Exercise details
Leaving out the images, repeat all the lines below exactly.

Given material
- Opening Delimiter -

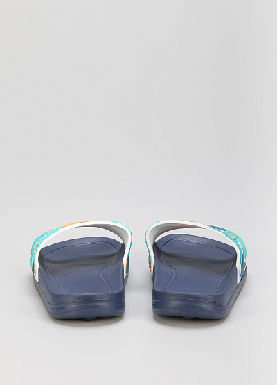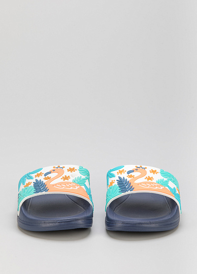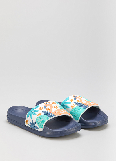 • Детские сланцы от бренда Timedev. Широкая перемычка украшена аппликацией с изображением. Плоская подошва с небольшим подъемом.
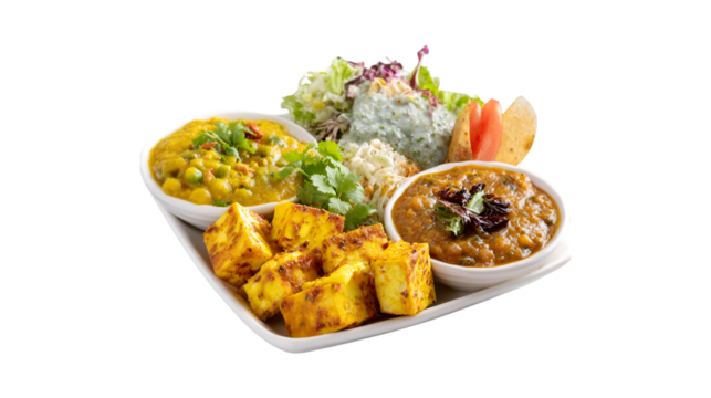 A vibrant Indian vegetarian platter with grilled paneer cheese flavorful curries a fresh salad and assorted side dishes
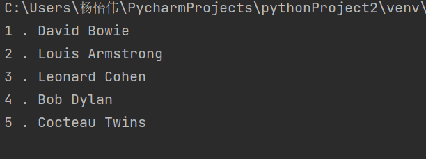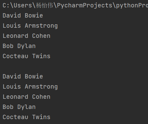 name_list=['david bowie','louis armstrong','leonard cohen','bob dylan','cocteau twins']
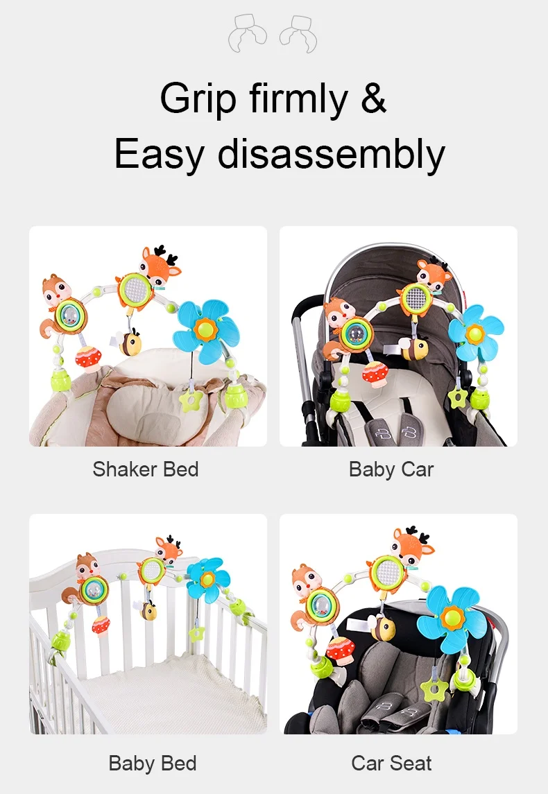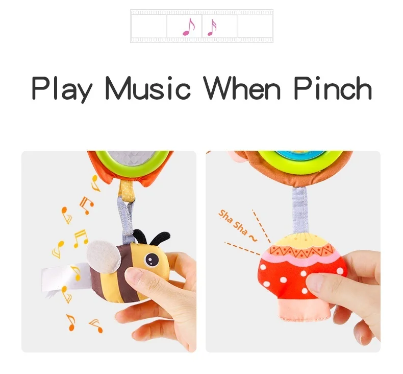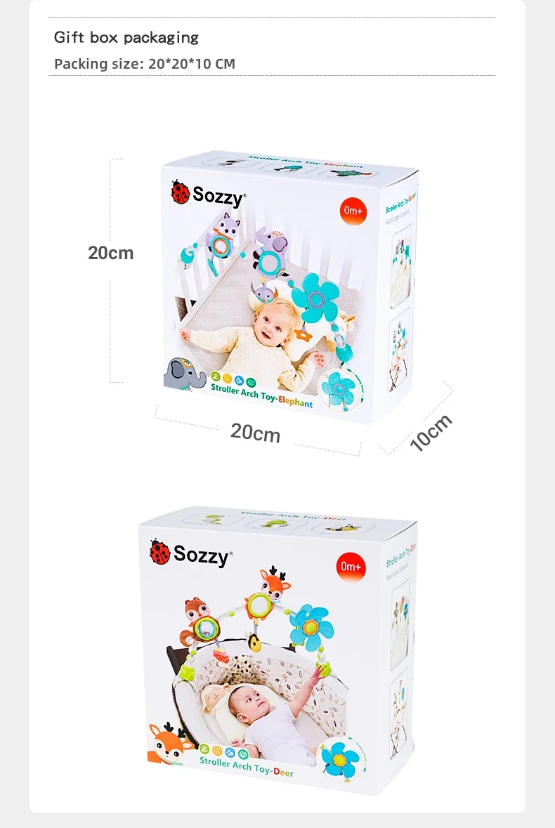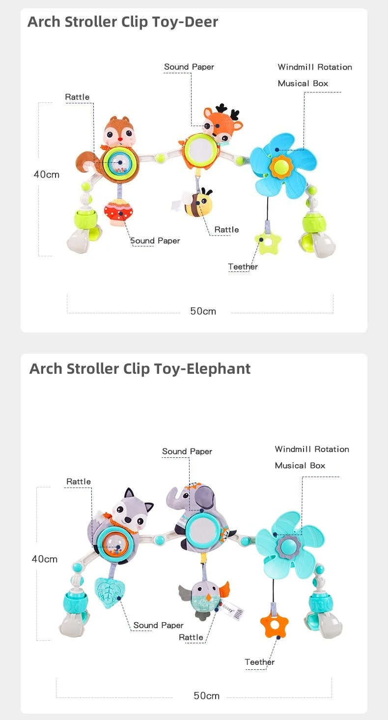 Sozzy Custom Sensory Elephant Baby Bed Hanging Toys Soft Musical Activity Arch Toys for Bassinet Crib Stroller Soothing Sensory

- Closing Delimiter -

Answer section
 • Детские сланцы от бренда Timedev. Широкая перемычка украшена аппликацией с изображением. Плоская подошва с небольшим подъемом.
 A vibrant Indian vegetarian platter with grilled paneer cheese flavorful curries a fresh salad and assorted side dishes
 name_list=['david bowie','louis armstrong','leonard cohen','bob dylan','cocteau twins']
 Sozzy Custom Sensory Elephant Baby Bed Hanging Toys Soft Musical Activity Arch Toys for Bassinet Crib Stroller Soothing Sensory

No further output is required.